"History is a giant stone that lies on top of us"

Americans don't tend to see the past in their everyday lives. If they do, it might be because of a personal or ethnic connection, or maybe they hear the president harken back to Sputnik and the Space Race, and greatness of our past. But the average person tends not to feel overly connected to their area's past, nor do they see how history could be valuable in their own lives. Disengagement, you might call it. We have, after all, spent our existence as a nation on a purposeful mission to be constantly reinventing ourselves, getting away from the demons that held down the European ancestors of those early settlers (and with the notion that we were claiming empty land, preordained for us, but that's beside this point). No time for the past.

In an excellent essay (in this book), public historian Michael Frisch talks about this relationship we have with history, using his 1980s perspective to talk about the Vietnam War in our national memory. First, talking about the war was out of bounds because it was current, still present. Then, you couldn't look at the war or its roots because it was the past, an episode that needed to be "put behind us." But what happens then, he points out, is that while we have the living memories, those memories themselves get warbled, people block things out, or chose not to remember. Even films about the war, while providing heroic characters for audiences and poignant stories, keep these figures pointedly isolated from the history of the event, from what it means historically. This puts us at a disadvantage in analyzing our past.

I don't have an answer, nor even a suggestion, about the state of this relationship, or about possible implementations to bring the two, American and American history, closer together.
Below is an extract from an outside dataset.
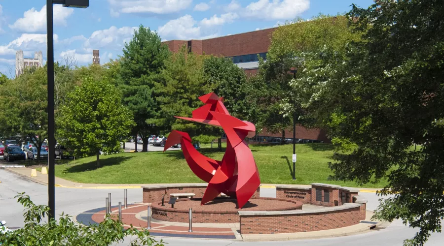 “The idea was to create something that would be eye-catching and fun to look at, that would symbolize the power of creativity, and… suggest possibilities rather than solutions,” said T. Ballard Morton at the time, then-Executive in Residence of the College of Business. He is also a member of the Entrepreneurship Circle and Founder of the College’s Cardinal Challenge business plan competition. “I think Big Red fulfills these desires and serves as a joyful inspiration to us as we meet the challenges of change and growth.”

I do hope that some of the projects I want to work on help to bring people closer to their past in ways that are meaningful for their present, for the daily lives now.

Frisch quotes a Nigerian friend who has this to say about Americans and our disconnection from what's behind us:

"What's so mysterious?" he observed.

"Why bother with history when you're rich and powerful? All it can do is tell you how you climbed to the top, which is a story its probably best not to examine too closely. No, you don't need history. What you need is something more like a pretty carpet that can be rolled out on ceremonial occasions to cover all those bloodstains on the stairs. And, in fact, that's what you usually get from your historians."

Then he went on solemnly:

"For the rest of us, its a lot different. We don't have the luxury of ignoring history. History is a giant stone that lies on top of us; for us, history is something we have to struggle to get out from under."

To say that most of American history has been seen through the eyes of the powerful is a familiar criticism, but we rarely acknowledge, as my friend suggests, how profoundly power, privilege, and freedom from historical constraint have conditioned our basic relation to the past.

There was a sense of liberation from the toils of the European past that early Americans felt, and to a large extent, we still run from it today. It is hard to think about bad things in our history. But it is obtuse to ignore them and never face unpleasant truths or critical interpretations of what happened before us (or, more difficultly, during our lifetimes). Taking a deep, contemplative look at the American past does not make anyone unpatriotic. That bloody stairway we climbed? We better know it well, for all its good and bad.